On Sun, Jan 01, 2017 at 02:11:27PM -0800, Rick Moen wrote:
> Quoting Simon Hobson (linux@???):
>
> > What do /etc/resolv.conf and /etc/nssswitch.conf have in them ?
> > Though to be honest, other than the systems I have BIND running on,
> > DNS resolution is something of a black box to me.
>
> On Linux systems, there is a DNS 'stub resolver' librery 'libresolv'
> included in the glibc package, that furnishes the system's res_query(),
> res_search(), res_mkquery(), res_send(), res_init(), dn_comp(),
> dn_expand() functions, plus higher-level functions such as
> gethostbyname() and gethostbyaddr().
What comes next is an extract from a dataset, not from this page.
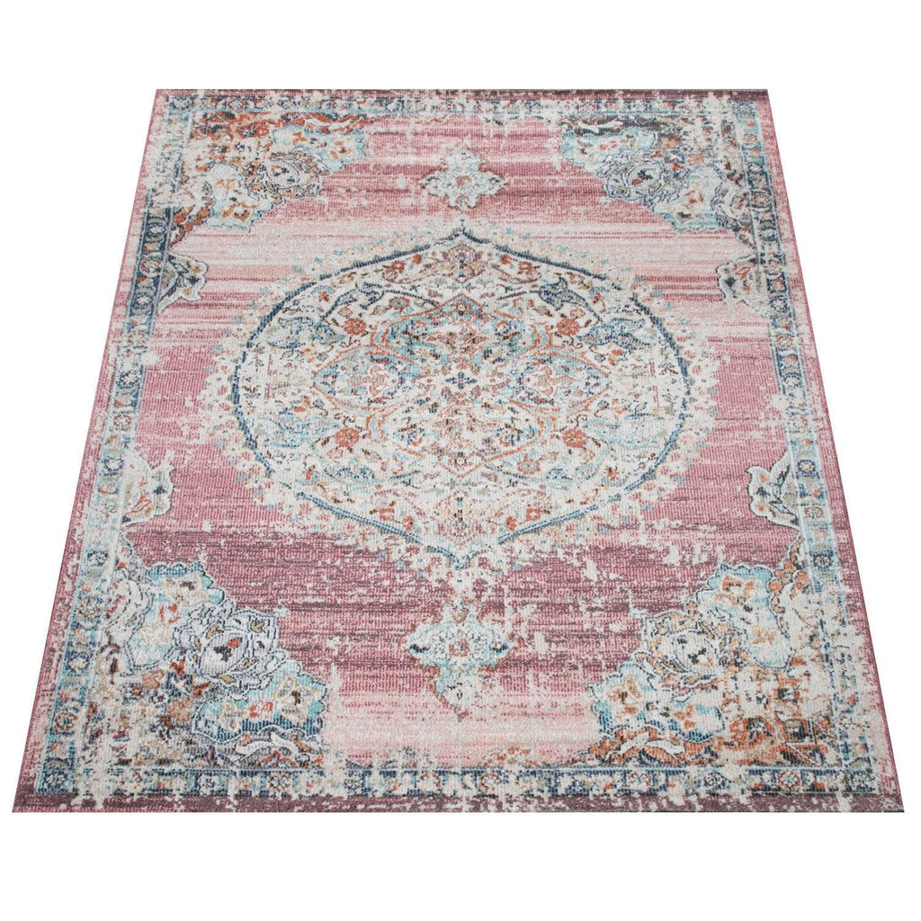 Pink White Outdoor Rug For Patio Oriental Pattern

See:
> https://linux.die.net/man/3/resolver
>
> This is distressingly ancient and crufty code, going all the way back to
> 1980s BSD UNIX. After that, it was inside BIND4, BIND8, and all BIND9
> versions until 9.6.0 as 'libbind'. It was removed from BIND itself
> starting BIND 9.6.0. glibc borrowed as 'libresolv' the version of this
> code during the long BIND8 era, and kept in sync with the BIND8 module
> through BIND 8.2.3-T5B in July 2000, from which point it has continued
> to evolve independently in glibc.
>
> The purpose of a 'stub resolver' is to originate outgoing DNS queries to
> a separate _real_ recursive nameserver[1] on- or off-system (e.g.,
> Unbound, BIND9's recursive functions, MaraDNS, PowerDNS Recursor,
> dnscache, Deadwood).
>
> libresolv is used as a generic glibc interface to all DNS name resolution
> methods - from using /etc/hosts file to DNS/NIS/LDAP services, and
> system its behaviour is controlled by /etc/nsswitch.conf and
> /etc/resolv.conf.
>
> It should be noted that many programs presume to cache DNS, e.g., Web
> browsers do, as does the Java runtime. Also, some systems such as ones
> on NIS or LDAP and NFS tend to run dedicated system caching daemons like
> GNU's nscd[2] for performance purposes (i.e., to make performance suck
> less).
I'll look for the various programs mentioned here, and see if they are
present on my system... But I'm starting to suspect that part of the
problem is that too many programs cache the dns, and once they have
something wrong, they hang onto it.
-- hendrik
>
> Possibly of assistance:
> http://linuxmafia.com/faq/Network_Other/dns-servers.html
>
>
> [1] Or to a forwarder such as Dnsmasq, DNRD, CurveDNS, dproxy, or pdnsd,
> which in turn would need to relay the query to a real recursive nameserver.